AVAILABLE RECORDS:
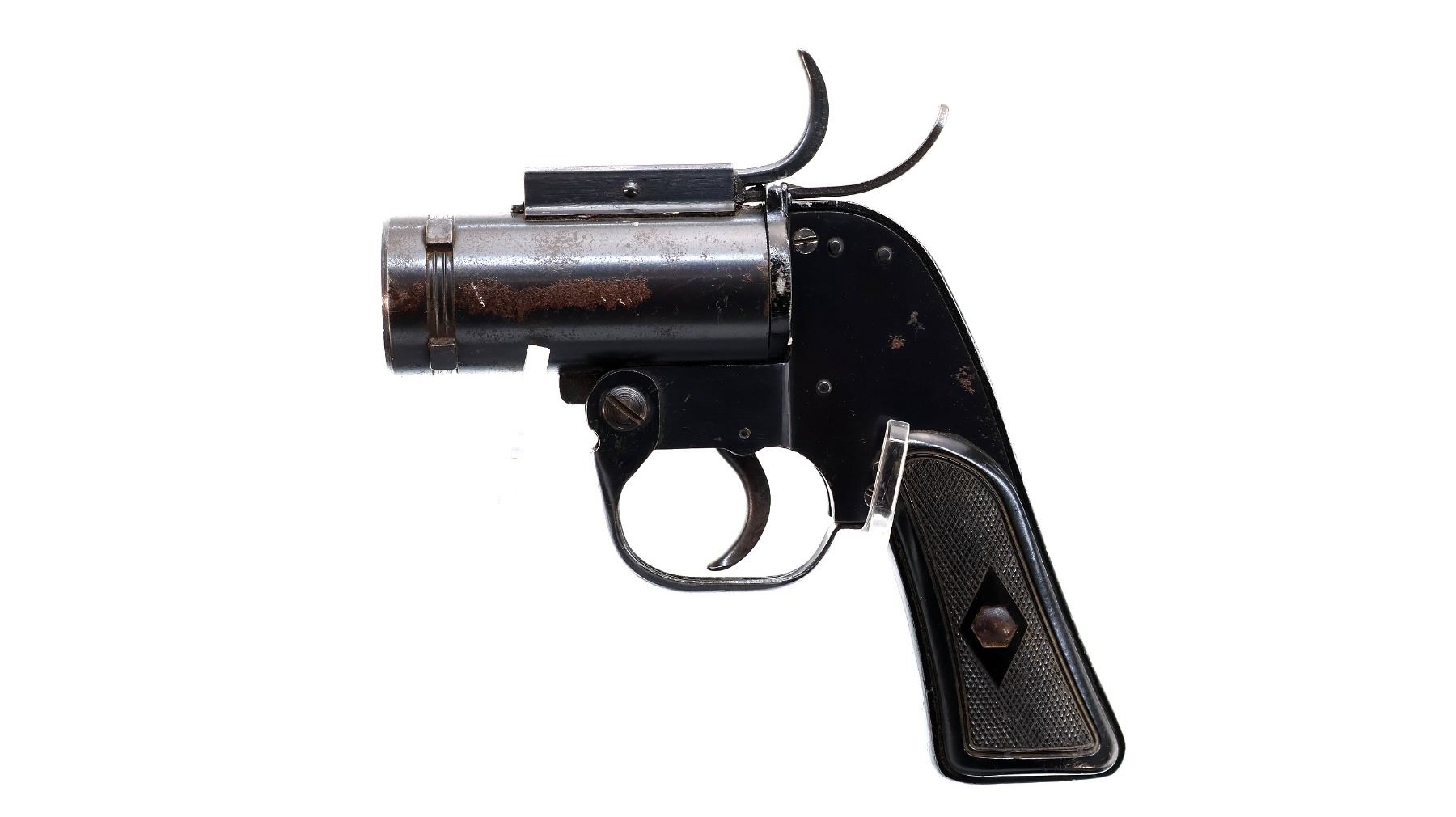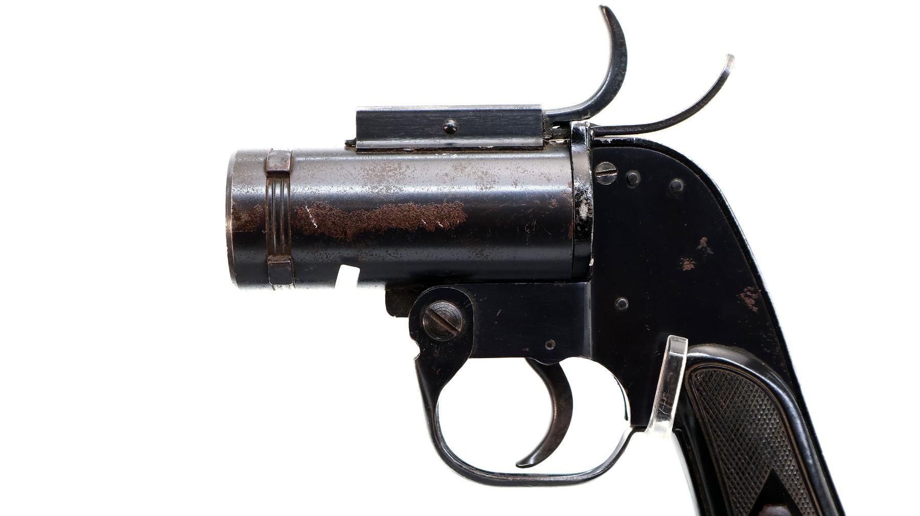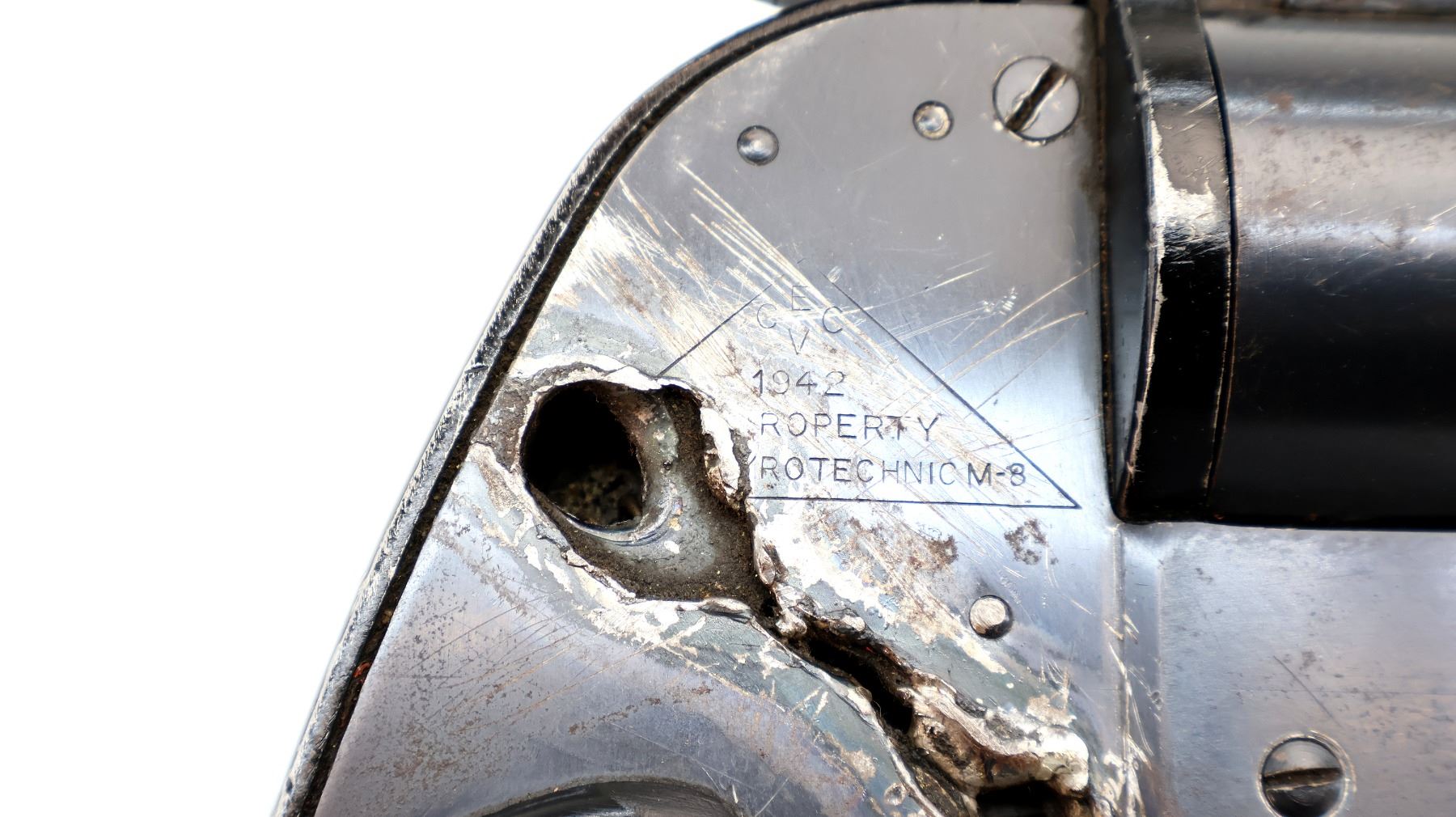 Main Description: Manufactured by ECCB 1942. No sights, blued finish, round barrel with 3 lugs attaches to port in aircraft to fire single flares, grooved opening lever, right side of frame has torch cut area from Military Demilling process. Two piece checkered black polymer grips
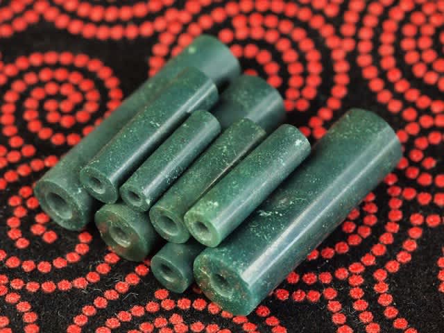 細長い円筒形の真ん中に孔が開いた管玉(クダタマ)は、精度のいい孔を開けるのが勝負の分かれ道。
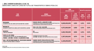 判給價格龐大的工程中,與輕鐵相關的工程位居榜首。輕鐵的在建工程耗資超過127億澳門元,佔超過一億的在建工程大約25.8%。此外,值得注意的是A區的公屋建設投資,共有15項工程正在進行中,其中不包括配套建築物和其他基礎設施。這些項目判給價格合共超過200億澳門元,即佔超過一億的在建工程判給總價格的41%。
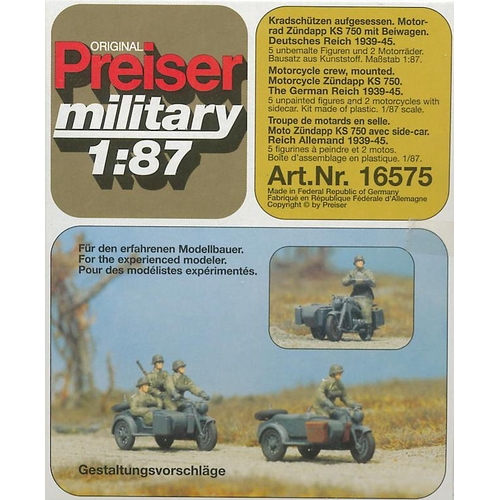 PF16575 ドイツ軍 オートバイ(KS 750.)/クルー 1939-45年 WW-II 未塗装キット 1/87 サイドカー付バイク 2台入/人物 5体入
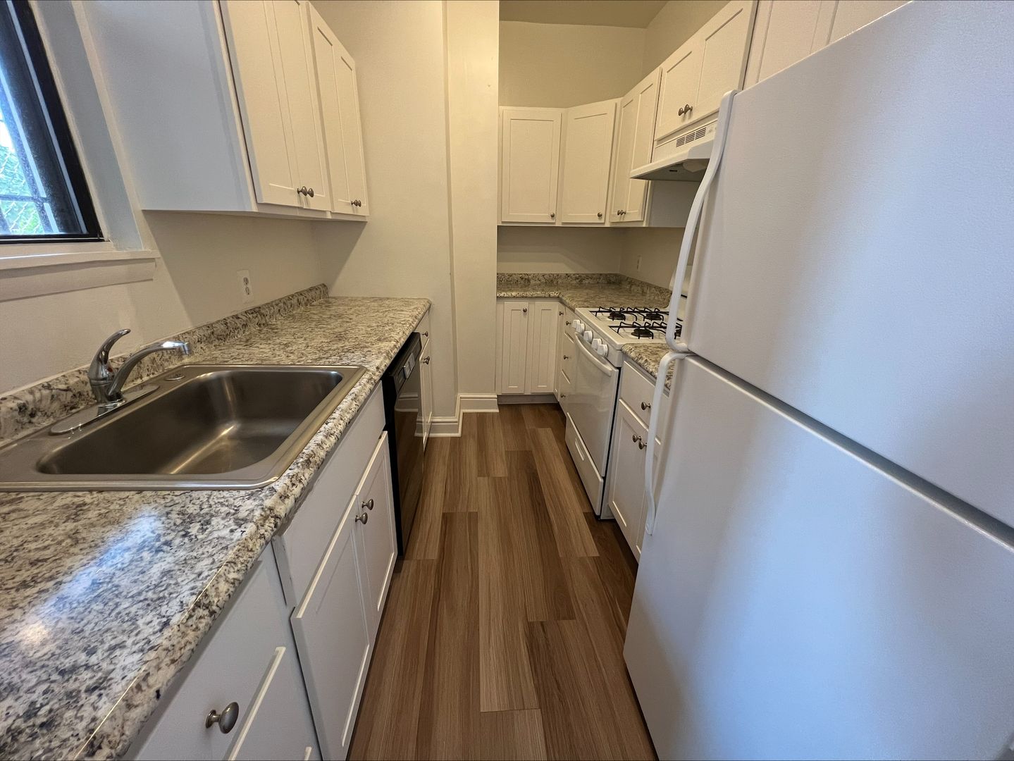 Modern kitchen with fridge, dishwasher, and gas stove—fully equipped for all your culinary needs
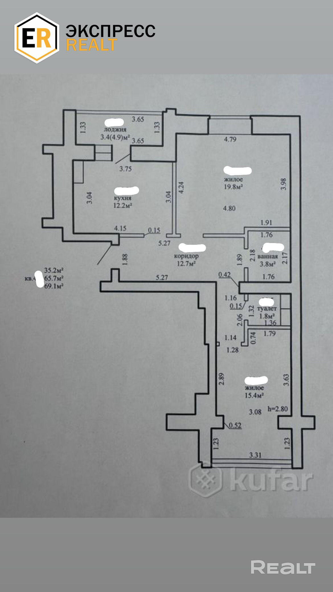 Площадь квартиры по СНБ 69,1 м2, общая площадь 65,7 м2, жилая площадь 35,2 м2, кухня 12,2 м2.
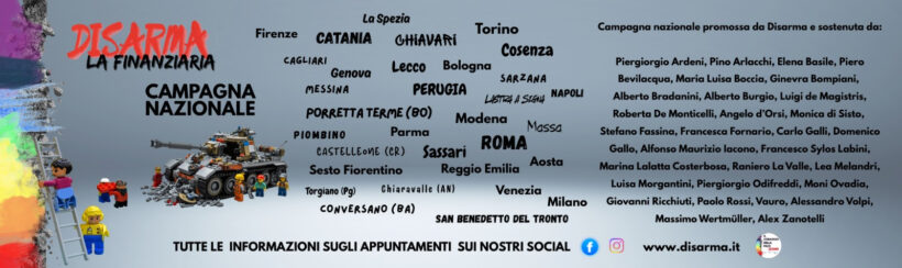 La campagna nazionale DISARMA LA FINANZIARIA è finalmente partita. Sta attraversando il Paese e, nelle prossime settimane, farà tappa in 35 città e territori.
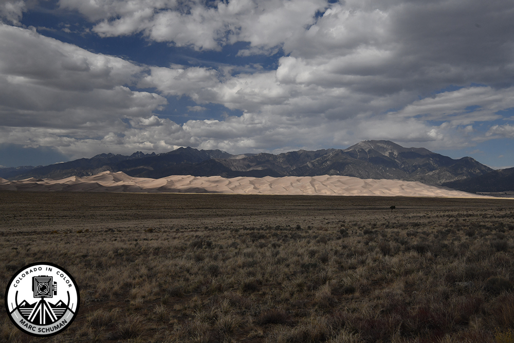 As if by design, the Great Sand Dunes are spotlighted by a momentary shaft of sunlight, leaving the Sangre de Cristo Mountains as a darker backdrop. At the same moment the San Luis Valley floor falls in another vast shadow. Taken with a Nikon D850 using a 24-75mm f2.8E ED Nikkor lens at 45mm.
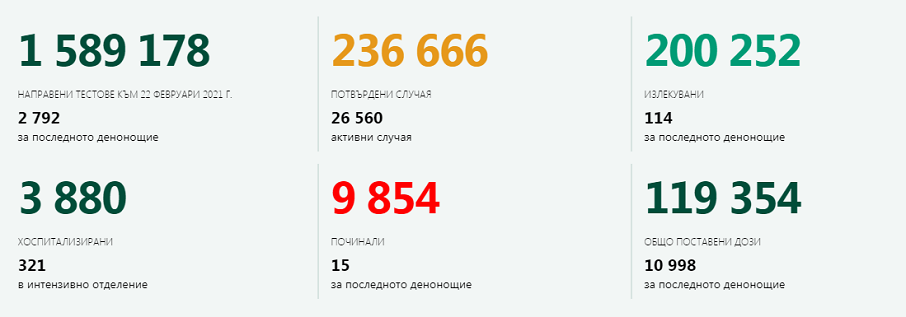 Активните случаи към 21 февруари са 26 560, показват данните в Националната информационна система, видя ПИК.

WORK TASK: Quote exactly the lines from the one that contains "判給價格龐大的工程中,與輕鐵" through the end of the listing above, both ends included, leaving out the pictures.

SOLUTION FOR THIS PROBLEM:
 判給價格龐大的工程中,與輕鐵相關的工程位居榜首。輕鐵的在建工程耗資超過127億澳門元,佔超過一億的在建工程大約25.8%。此外,值得注意的是A區的公屋建設投資,共有15項工程正在進行中,其中不包括配套建築物和其他基礎設施。這些項目判給價格合共超過200億澳門元,即佔超過一億的在建工程判給總價格的41%。
 PF16575 ドイツ軍 オートバイ(KS 750.)/クルー 1939-45年 WW-II 未塗装キット 1/87 サイドカー付バイク 2台入/人物 5体入
 Modern kitchen with fridge, dishwasher, and gas stove—fully equipped for all your culinary needs
 Площадь квартиры по СНБ 69,1 м2, общая площадь 65,7 м2, жилая площадь 35,2 м2, кухня 12,2 м2.
 La campagna nazionale DISARMA LA FINANZIARIA è finalmente partita. Sta attraversando il Paese e, nelle prossime settimane, farà tappa in 35 città e territori.
 As if by design, the Great Sand Dunes are spotlighted by a momentary shaft of sunlight, leaving the Sangre de Cristo Mountains as a darker backdrop. At the same moment the San Luis Valley floor falls in another vast shadow. Taken with a Nikon D850 using a 24-75mm f2.8E ED Nikkor lens at 45mm.
 Активните случаи към 21 февруари са 26 560, показват данните в Националната информационна система, видя ПИК.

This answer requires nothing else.